- **Record extracts**
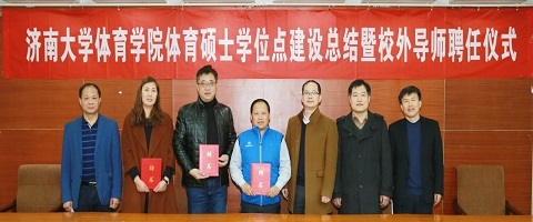 体育硕士学位点建设总结暨校外导师聘任仪式于第五学术报告厅成功召开,山东省小球管理中心主任修振涛、济南第二十中学副校长朱宁刚,济南第二十中学体育教研组长赵永娟三位校外硕士生导师,济南大学研究生院、发展规划与学科建设处、下注平台
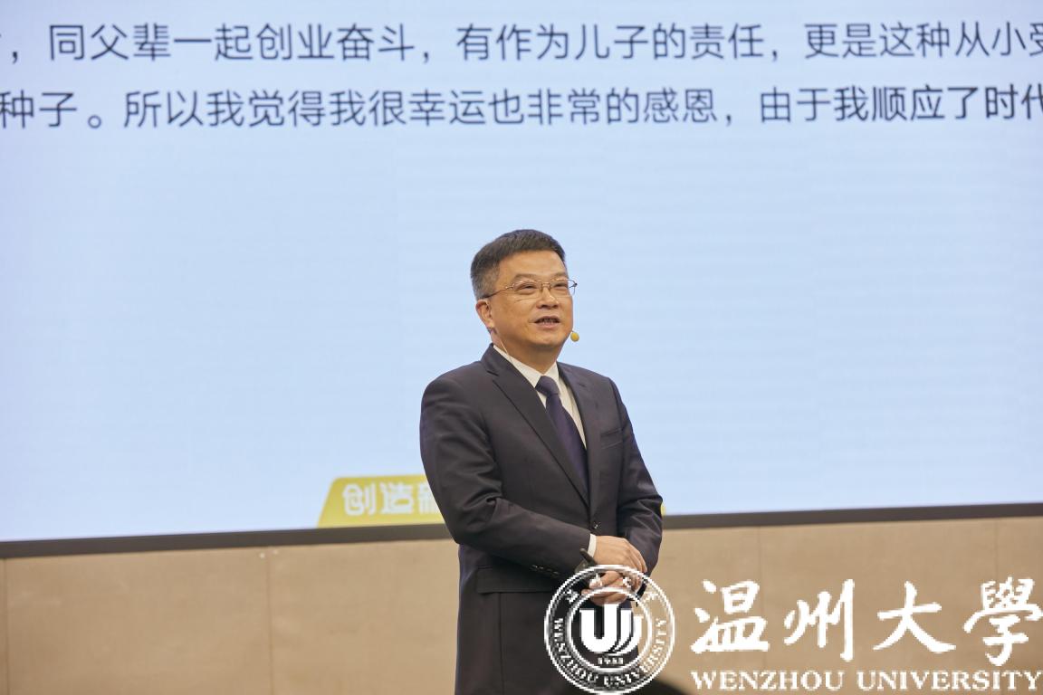 公开课邀请思政名师和青年企业家代表为青年学子授课,分享他们的奋斗故事和奋进历程。beat365官方网站马克思主义学院院长卓高生围绕十九届六中全会精神,以《坚持党的领导勇担时代使命》为题,生动讲述了中国共产党百年奋斗的历史进程和取得的重大成就,生动阐述百年党史中党的坚强领导和青年担当。温州医科大学附属眼视光医院院长吴文灿、浙江一鸣食品股份有限公司董事长朱立科、浙江竟成环保科技有限公司董事长胡如意、浙江新阅读文化传播有限公司CEO及无料书铺创始人张潇等四位嘉宾,讲述了他们个人成长成才、创业创新的故事,分享了他们的就业、创业感悟,为在温高校学生展现了一堂历史与现实融合的思政公开课,启发学子“强国有我 青春担当”的社会责任感和使命感。
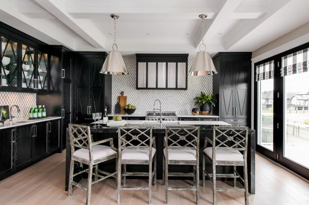 В классических кухнях часто используют сочетание черного и белого. В таком случае черную столешницу изготавливают из гранита или любого литого кварцевого материала. Но при этом нужно помнить, что при работе с мрамором есть проблемы с техническим обслуживанием.
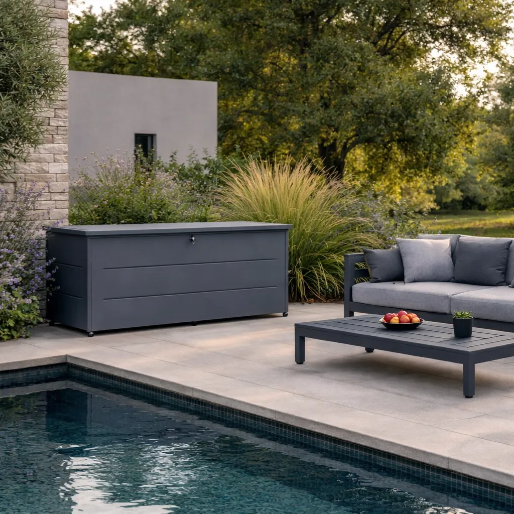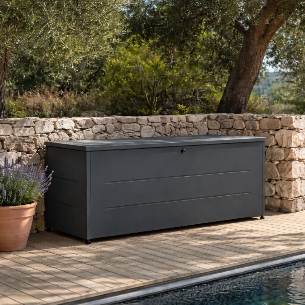 Ce coffre spacieux permet de stocker de nombreux équipements. Par exemple, il accueille facilement les coussins de salon de jardin. Il convient aussi aux outils, aux accessoires de terrasse et au matériel de plein air. De cette manière, vos affaires restent protégées des intempéries.
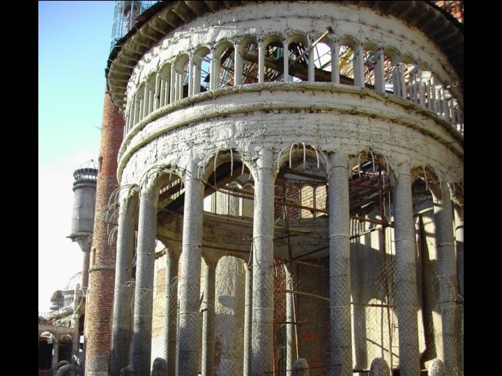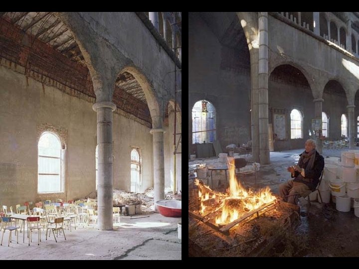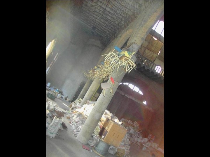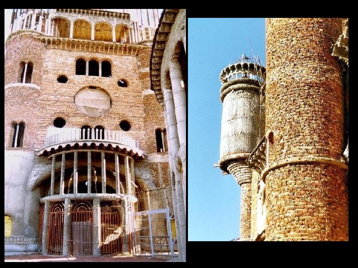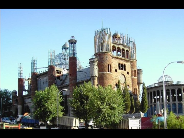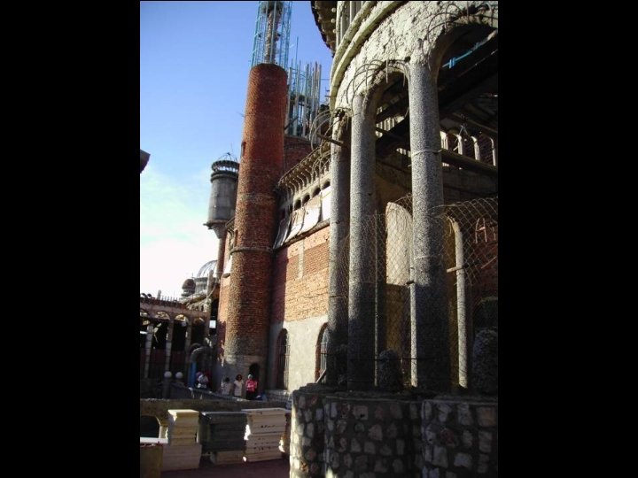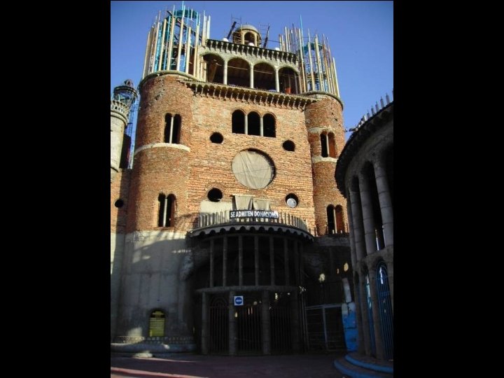 Irónicamente, el templo de Don Justo se alza en la Calle Arquitecto Gaudí de Mejorada del Campo. A Antonio Gaudí también le llamaban loco cuando comenzó a construir la Sagrada Familia de Barcelona. Y como homenaje al genio catalán se levantan allí galerías irregulares, capillas con forma de tartas, escaleras de caracol que trepan hacia el cielo entre montañas de escombros pegadas entre si de forma misteriosa. La catedral de Don Justo es una gran obra religiosa, pero también estandarte del reciclaje: el encofrado de las columnas sale de bidones exóticos de productos químicos venidos de China. La forma de los arcos la consiguió con el empleo de gastados neumáticos de camiones. La rueda de una vieja bicicleta se convirtió hace tiempo en la polea que cuelga de una esquina del techo y que don Justo usa para subir a las alturas el material que transforma.
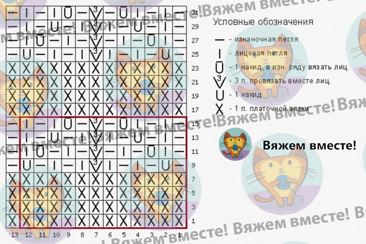 Раппорт узора равен 12 петлям по ширине полотна и 16 рядам по высоте, выделен красной рамкой.
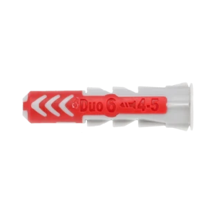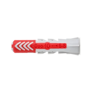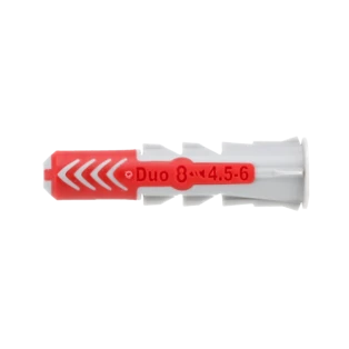 I tasselli DuoPower sono adatti per l'installazione preforo e foro passante in quasi tutti i materiali da costruzione. I 2 componenti garantiscono buoni valori di carico: A seconda del materiale da costruzione, il componente grigio attiva automaticamente il principio funzionale ottimale (espansione, piegatura, annodamento) per una buona tenuta.
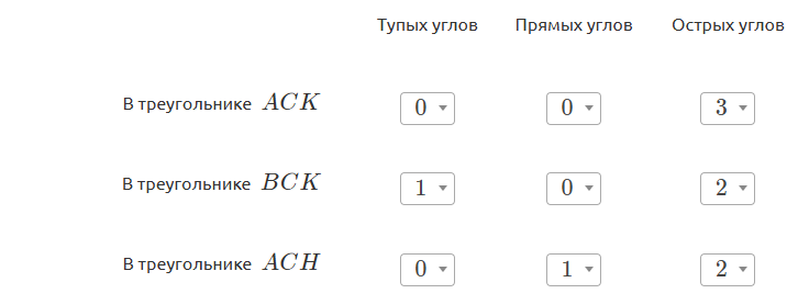 - Угол \(\displaystyle AKC\) является углом прямоугольного треугольника \(\displaystyle KCH\) с прямым углом \(\displaystyle CHK{\small .}\) Значит, он острый по свойству прямоугольного треугольника.
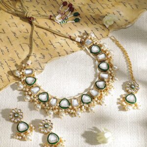 Jewellery Set: One of the most versatile forms of ornate designs that goes well with every style and personality. Wear one of these and you do not have to worry about any other accessory. Occasion : Bring your style to a whole new level with this handcrafted piece of jewellery. When you’re celebrating a special Occasion : – a birthday, wedding, or personal milestone – this piece adds that extra something that makes us feel special and looking our best. Material : & Care Dimension :Size : Necklace : 30 cm, Earrings : 3 cm, Maang Tikka : 15 cm Material :Alloy Weight : 55g Net Qnty : 1 Necklace, 1 Pair of Earrings, 1 Maang Tikka Care Label : It is advisable to avoid contact with water and organic chemicals i.e. perfume sprays. Store jewellery in airtight box. After use, wipe the jewellery with soft cotton cloth.
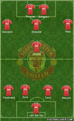 1.반데사르 · 5.퍼디난드 · 15.비디치 · 3.에브라 · 21.하파엘 · 24.플레쳐 · 16.캐릭 · 13.박지성 · 17.나니 · 10.루니 · 9.베르바토프
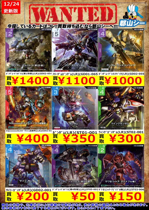 こんにちは(」・ω・) シーガル郡山店の田中です。 ガンダムカード 特価品を追加致しました。 ご来店お待ちしております。
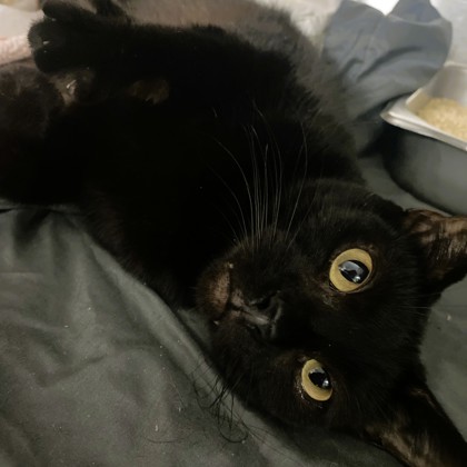 Hi, I'm Shadow - a beautiful black kitty with a heart as sweet as my shiny coat! I absolutely love rolling over for scratches and soaking up all the pets you'll give me. Hi there... I'm Shadow. I know my fur is dark as midnight, but I promise my heart is all sunshine. I'm a gentle, friendly boy who loves calm voices, soft blankets, and anyone willing to give me a little chin scratch. I may look mysterious, but really, I'm just a sweetheart who wants a cozy place-and a person-to call my own. My favorite things? Curling up next to you while you read or watch TV, greeting you with a soft purr when you walk into the room, and following you around like the loyal little shadow I am. I'm curious, but never pushy; playful, but never wild. Mostly, I just want to be part of your world. If you're looking for a loving companion who will always be nearby, quietly devoted and endlessly affectionate, I'd love to be your new best friend.Come meet me from 12 PM to 6 PM, open every day. No application or appointment required - walk-ins welcome. SPCA of Texas, 2400 Lone Star Drive, Dallas, TX 75212

- **Work instructions**
With the pictures removed, please retype each record exactly.

- **The answer**
 体育硕士学位点建设总结暨校外导师聘任仪式于第五学术报告厅成功召开,山东省小球管理中心主任修振涛、济南第二十中学副校长朱宁刚,济南第二十中学体育教研组长赵永娟三位校外硕士生导师,济南大学研究生院、发展规划与学科建设处、下注平台
 公开课邀请思政名师和青年企业家代表为青年学子授课,分享他们的奋斗故事和奋进历程。beat365官方网站马克思主义学院院长卓高生围绕十九届六中全会精神,以《坚持党的领导勇担时代使命》为题,生动讲述了中国共产党百年奋斗的历史进程和取得的重大成就,生动阐述百年党史中党的坚强领导和青年担当。温州医科大学附属眼视光医院院长吴文灿、浙江一鸣食品股份有限公司董事长朱立科、浙江竟成环保科技有限公司董事长胡如意、浙江新阅读文化传播有限公司CEO及无料书铺创始人张潇等四位嘉宾,讲述了他们个人成长成才、创业创新的故事,分享了他们的就业、创业感悟,为在温高校学生展现了一堂历史与现实融合的思政公开课,启发学子“强国有我 青春担当”的社会责任感和使命感。
 В классических кухнях часто используют сочетание черного и белого. В таком случае черную столешницу изготавливают из гранита или любого литого кварцевого материала. Но при этом нужно помнить, что при работе с мрамором есть проблемы с техническим обслуживанием.
 Ce coffre spacieux permet de stocker de nombreux équipements. Par exemple, il accueille facilement les coussins de salon de jardin. Il convient aussi aux outils, aux accessoires de terrasse et au matériel de plein air. De cette manière, vos affaires restent protégées des intempéries.
 Irónicamente, el templo de Don Justo se alza en la Calle Arquitecto Gaudí de Mejorada del Campo. A Antonio Gaudí también le llamaban loco cuando comenzó a construir la Sagrada Familia de Barcelona. Y como homenaje al genio catalán se levantan allí galerías irregulares, capillas con forma de tartas, escaleras de caracol que trepan hacia el cielo entre montañas de escombros pegadas entre si de forma misteriosa. La catedral de Don Justo es una gran obra religiosa, pero también estandarte del reciclaje: el encofrado de las columnas sale de bidones exóticos de productos químicos venidos de China. La forma de los arcos la consiguió con el empleo de gastados neumáticos de camiones. La rueda de una vieja bicicleta se convirtió hace tiempo en la polea que cuelga de una esquina del techo y que don Justo usa para subir a las alturas el material que transforma.
 Раппорт узора равен 12 петлям по ширине полотна и 16 рядам по высоте, выделен красной рамкой.
 I tasselli DuoPower sono adatti per l'installazione preforo e foro passante in quasi tutti i materiali da costruzione. I 2 componenti garantiscono buoni valori di carico: A seconda del materiale da costruzione, il componente grigio attiva automaticamente il principio funzionale ottimale (espansione, piegatura, annodamento) per una buona tenuta.
 - Угол \(\displaystyle AKC\) является углом прямоугольного треугольника \(\displaystyle KCH\) с прямым углом \(\displaystyle CHK{\small .}\) Значит, он острый по свойству прямоугольного треугольника.
 Jewellery Set: One of the most versatile forms of ornate designs that goes well with every style and personality. Wear one of these and you do not have to worry about any other accessory. Occasion : Bring your style to a whole new level with this handcrafted piece of jewellery. When you’re celebrating a special Occasion : – a birthday, wedding, or personal milestone – this piece adds that extra something that makes us feel special and looking our best. Material : & Care Dimension :Size : Necklace : 30 cm, Earrings : 3 cm, Maang Tikka : 15 cm Material :Alloy Weight : 55g Net Qnty : 1 Necklace, 1 Pair of Earrings, 1 Maang Tikka Care Label : It is advisable to avoid contact with water and organic chemicals i.e. perfume sprays. Store jewellery in airtight box. After use, wipe the jewellery with soft cotton cloth.
 1.반데사르 · 5.퍼디난드 · 15.비디치 · 3.에브라 · 21.하파엘 · 24.플레쳐 · 16.캐릭 · 13.박지성 · 17.나니 · 10.루니 · 9.베르바토프
 こんにちは(」・ω・) シーガル郡山店の田中です。 ガンダムカード 特価品を追加致しました。 ご来店お待ちしております。
 Hi, I'm Shadow - a beautiful black kitty with a heart as sweet as my shiny coat! I absolutely love rolling over for scratches and soaking up all the pets you'll give me. Hi there... I'm Shadow. I know my fur is dark as midnight, but I promise my heart is all sunshine. I'm a gentle, friendly boy who loves calm voices, soft blankets, and anyone willing to give me a little chin scratch. I may look mysterious, but really, I'm just a sweetheart who wants a cozy place-and a person-to call my own. My favorite things? Curling up next to you while you read or watch TV, greeting you with a soft purr when you walk into the room, and following you around like the loyal little shadow I am. I'm curious, but never pushy; playful, but never wild. Mostly, I just want to be part of your world. If you're looking for a loving companion who will always be nearby, quietly devoted and endlessly affectionate, I'd love to be your new best friend.Come meet me from 12 PM to 6 PM, open every day. No application or appointment required - walk-ins welcome. SPCA of Texas, 2400 Lone Star Drive, Dallas, TX 75212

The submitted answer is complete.